И он начал излагать:
— Застрелили его насмерть. Паукер и застрелил. А Блюмкин успел его ранить в плечо. И еще троих бойцов из кремлевской охраны, которые были с Паукером, тоже ранил прежде, чем добили его. Да еще и самодельную бомбу Блюмкин успел кинуть. Да только та бомба не взорвалась. Паукеру повезло, что жив остался. Если бы бомба взорвалась, то и Сталина бы насмерть. А так, может быть, генсек выживет. Взрывчатки в той бомбе целый килограмм поместился. Сама бомба под бюст Ленина замаскирована была. И она, похоже, уже находилась в том коридоре, куда проник Блюмкин. Заранее там находилась. Вот в чем дело. Следовательно, сообщники у Блюмкина имелись. Да и пароли для часовых кто-то же ему сообщил. И про подземный ход он, наверняка, не сам разузнал. Троцкисты в самом Кремле окопались. Вот что я думаю. Расследовать нужно тщательно. И плохо, конечно, что Блюмкина живьем не взяли, а то допросили бы и раскололи. Есть у нас специалисты…

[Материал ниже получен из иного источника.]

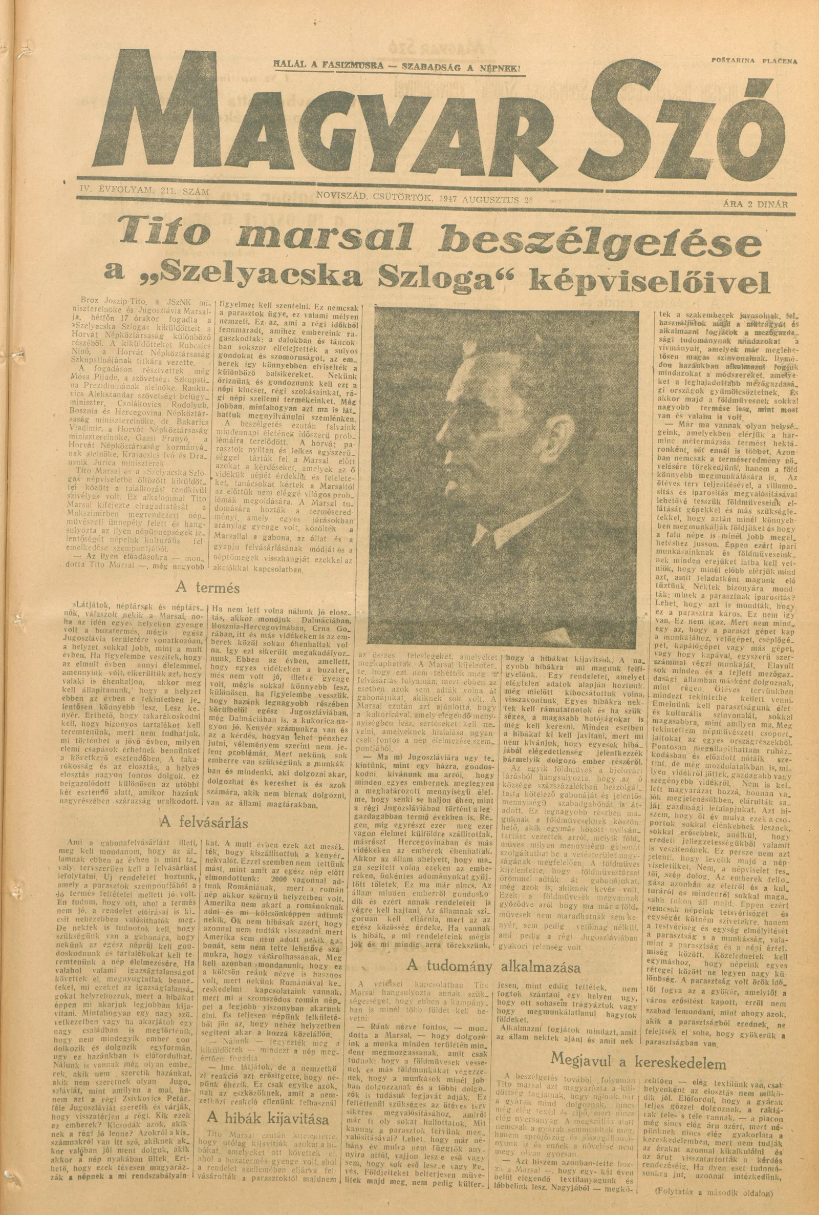 Magyar Szó, 4. évf. 1947. augusztus 28. 211. sz. 1–8. oldal

— На что этот Блюмкин надеялся? Он, конечно, имел репутацию террориста, но не смертника же! — снова перебил я.
— Наверное, на своих сообщников в Кремле и надеялся. Может, рассчитывали они, что, как только Сталина убьют, так власть троцкисты и возьмут? Но, что-то, видимо, пошло у них не так. Не предусмотрели чего-то, — проговорил Бокий.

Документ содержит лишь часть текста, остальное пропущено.